A Brave Man Seven Storeys Tall (Harper)
A triumphant literary debut with notes of both The Art of Fielding and The Flamethrowers, which introduces the striking figure of Owen Burr, a gifted Olympics-bound athlete whose dreams of greatness are deferred and then transformed by an unlikely journey from California to Berlin, Athens, Iceland, and back again.
Owen Burr, a towering athlete at Stanford University, son of renowned classicist Professor Joseph Burr, was destined to compete in the Athens Olympic Games of 2004. But in his final match at Stanford, he is blinded in one eye. The wound shatters his identity and any prospects he had as an athlete.
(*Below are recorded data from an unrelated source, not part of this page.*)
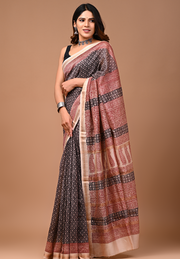 PAHELI JAIPUR Hand Block Mulmul Cotton Saree For Women With Blouse Piece (Black)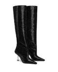 Introducing the Texas boot from Naked Wolfe, a striking pointed-toe heeled boot designed to make a statement. Featuring a custom-made 9cm heel with a unique Wolfe head design at the back, this boot combines boldness wit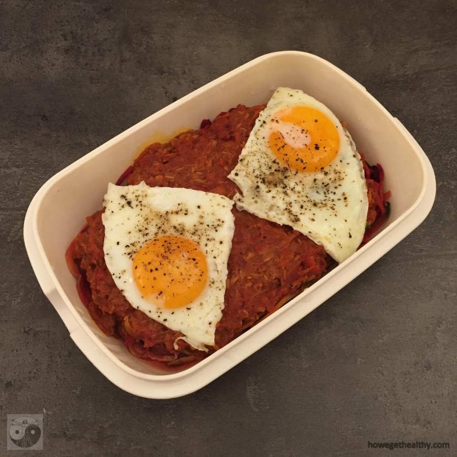 Da die letzten beiden Portionen etwas kleiner ausgefallen sind (und weil wir keinen Feta mehr hatten) haben wir hier noch Spiegeleier ergänzt.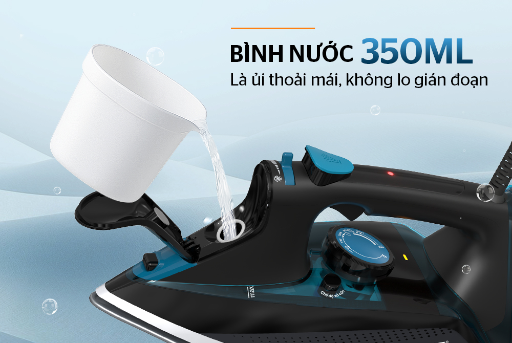 Bàn là hơi Sunhouse Mama SHD2071 sở hữu bình nước dung tích 350ml, cho phép tạo hơi nước liên tục mà không cần châm nước nhiều lần. Điều này giúp quá trình ủi đồ liền mạch và thuận tiện hơn. Dung tích lớn hỗ trợ Bàn là hơi Sunhouse Mama SHD2071 đáp ứng tốt nhu cầu ủi nhiều quần áo trong một lần, phù hợp cho gia đình đông người.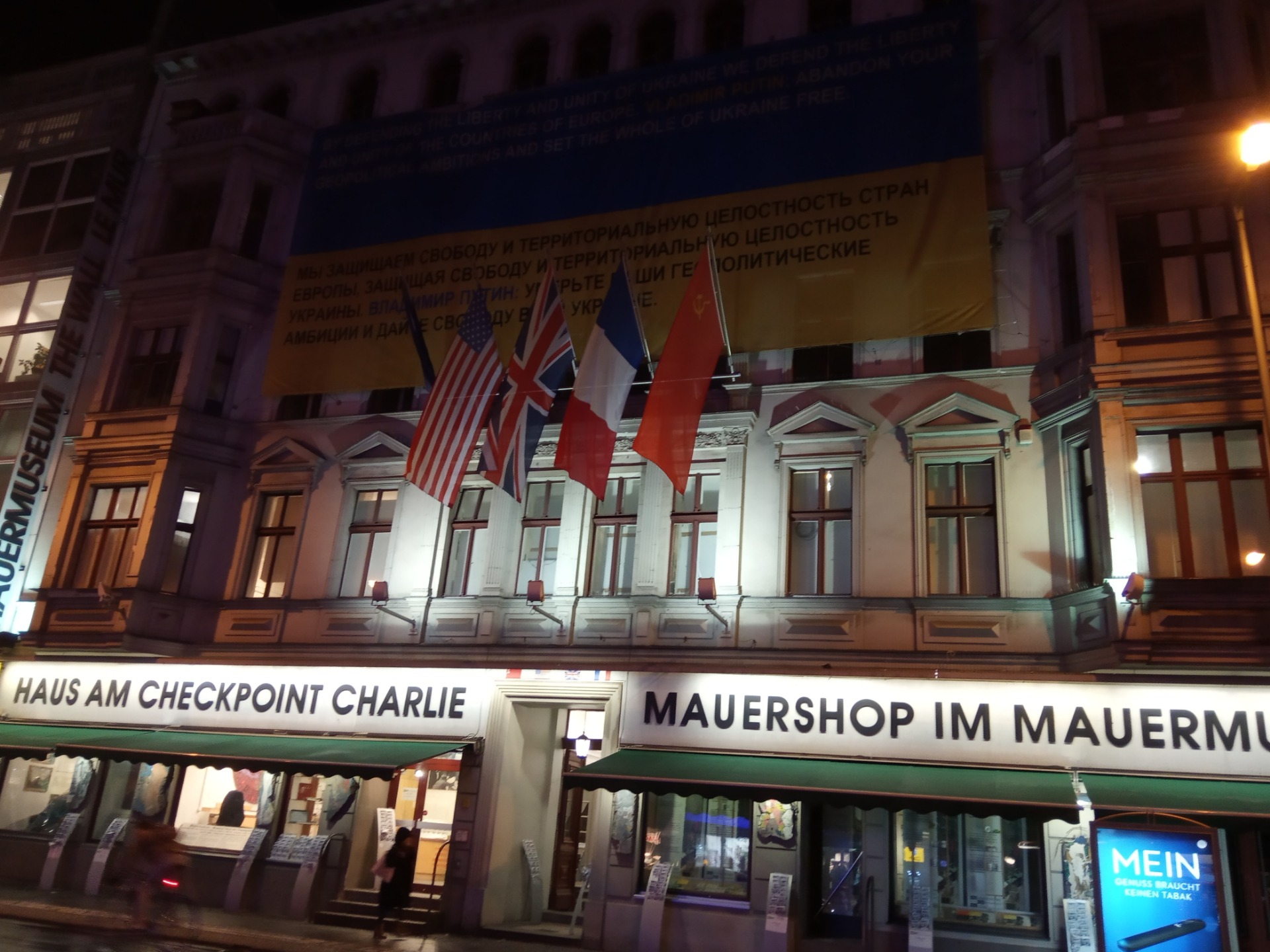 Visitámos o local chamado Checkpoint Charlie que se tornou um símbolo da Guerra Fria, representativo da divisão da cidade de Berlim. É um marco que não nos permite esquecer a necessidade da tolerância.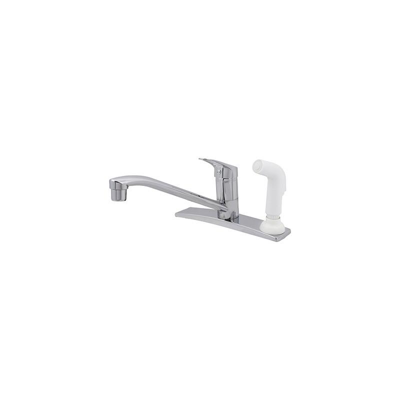 Llave mezcladora para cocina Eva 8 pulgadas cromo pulido Flowell, cuenta con rociador extraíble que facilita la limpieza de la vajilla por su sistema de rociado en spray. Es compatible con tarjas de tres orificios centrales de 20.3 cm, su cuerpo de latón brinda gran resistencia ante el impacto y su recubrimiento de cromo evita la formación de óxido, incluye cartucho de disco cerámico. Trabaja en presión baja, su sistema de monomando facilita la apertura y cierre del paso de agua en un solo movimiento, cuenta con discretos indicadores de temperatura en rojo y azul.

Determined to make a new name for himself, Owen flees the country and lands in Berlin, where he meets a group of wildly successful artists living in the Teutonic equivalent of Warhol's Factory. An irresistible sight--nearly seven-feet-tall, wearing an eye patch and a corduroy suit--Owen is quickly welcomed by the group's leader, who schemes to appropriate Owen's image and sell the results at Art Basel. With his warped and tortured image on the auction block, Owen seeks revenge.
Professor Burr has never been the father he wants to be. Owen's disappearance triggers a call to action. He dusts off his more speculative theory, Liminalism, to embark on a speaking tour, pushing theory to its radical extreme--at his own peril and with Jean Baudrillard's help--in order to send up flares for his son in Athens, Berlin, and Iceland.
A compulsively readable novel of ideas, action, and intrigue, A Brave Man Seven Storeys Tall offers a persuasive vision of personal agency, art, family, and the narratives we build for ourselves.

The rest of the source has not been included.